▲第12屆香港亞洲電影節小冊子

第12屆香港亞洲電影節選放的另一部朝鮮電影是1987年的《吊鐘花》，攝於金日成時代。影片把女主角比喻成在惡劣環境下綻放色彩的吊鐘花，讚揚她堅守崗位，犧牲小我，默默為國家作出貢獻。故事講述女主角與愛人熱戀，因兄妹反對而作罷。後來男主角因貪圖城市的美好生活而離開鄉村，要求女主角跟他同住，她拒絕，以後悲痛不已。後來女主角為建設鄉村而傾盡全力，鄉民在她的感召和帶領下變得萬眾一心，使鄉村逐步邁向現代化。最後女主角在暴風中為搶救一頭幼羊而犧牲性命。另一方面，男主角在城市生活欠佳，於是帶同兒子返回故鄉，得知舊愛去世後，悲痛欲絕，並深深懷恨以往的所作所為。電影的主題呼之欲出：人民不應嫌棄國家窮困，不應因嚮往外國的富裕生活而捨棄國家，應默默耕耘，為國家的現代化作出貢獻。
..........
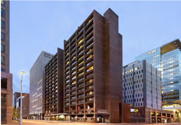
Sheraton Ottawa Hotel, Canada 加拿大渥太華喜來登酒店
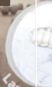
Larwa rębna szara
..........
WHAT THE EXERCISE ASKS. Pictures in the entries do not go into the copy. Print only the lines starting at the one containing "Sheraton Ottawa Hotel, Canada 加拿大渥太華喜來登酒店" and ending at the one containing "Larwa rębna szara", exactly as they appear.

EXERCISE SOLUTION.
Sheraton Ottawa Hotel, Canada 加拿大渥太華喜來登酒店
Larwa rębna szara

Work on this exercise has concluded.